Sorry, not sure what topic this question is under! But I am having trouble with finding x in this equation and I am unsure of where to begin.

Solve (sqr 3)x + (sqr 2)x = 1

I've tried squaring both sides, but it didn't really seem to get me anywhere.

Any help is greatly appreciated!

 

[stapel]

Solve (sqr 3)x + (sqr 2)x = 1

As posted, your exercise is:

. . . . .\(\displaystyle \mbox{Solve: }\, \sqrt{\strut 3\,}\, x\, +\, \sqrt{\strut 2\,}\, x\, =\, 1\)

But this is just a linear equation which solves as:

. . . . .\(\displaystyle x\, =\, \dfrac{1}{\sqrt{\strut 3\,}\, +\, \sqrt{\strut 2\,}}\)

...with no squaring involved. Was this what you meant? It seems unlikely from what you describe:

I've tried squaring both sides, but it didn't really seem to get me anywhere.

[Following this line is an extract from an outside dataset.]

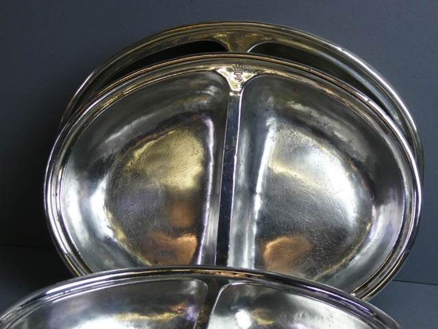 E.P. SILVER HOTEL VEG DISH OVAL DIVIDED TWO SIDES 30 CM LONG (X4)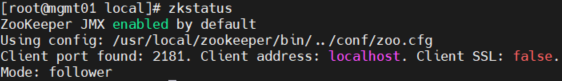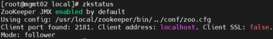 alias zkstatus="/usr/local/zookeeper/bin/zkServer.sh status"

Please reply showing what you've done, starting with a correct statement of the original equation; followed by the squaring of both sides; continuing on to the expansion, simplification, and isolation of the one remaining radical term; and then showing what happened when you squared both sides again.

Thank you!

 

[tilly]

Thak you!! Yes, that was what my question was. I realise now how it was just a matter of factorising the LHS. Sorry, next time if I have a question I will show my attempt. Thank you again for all your help!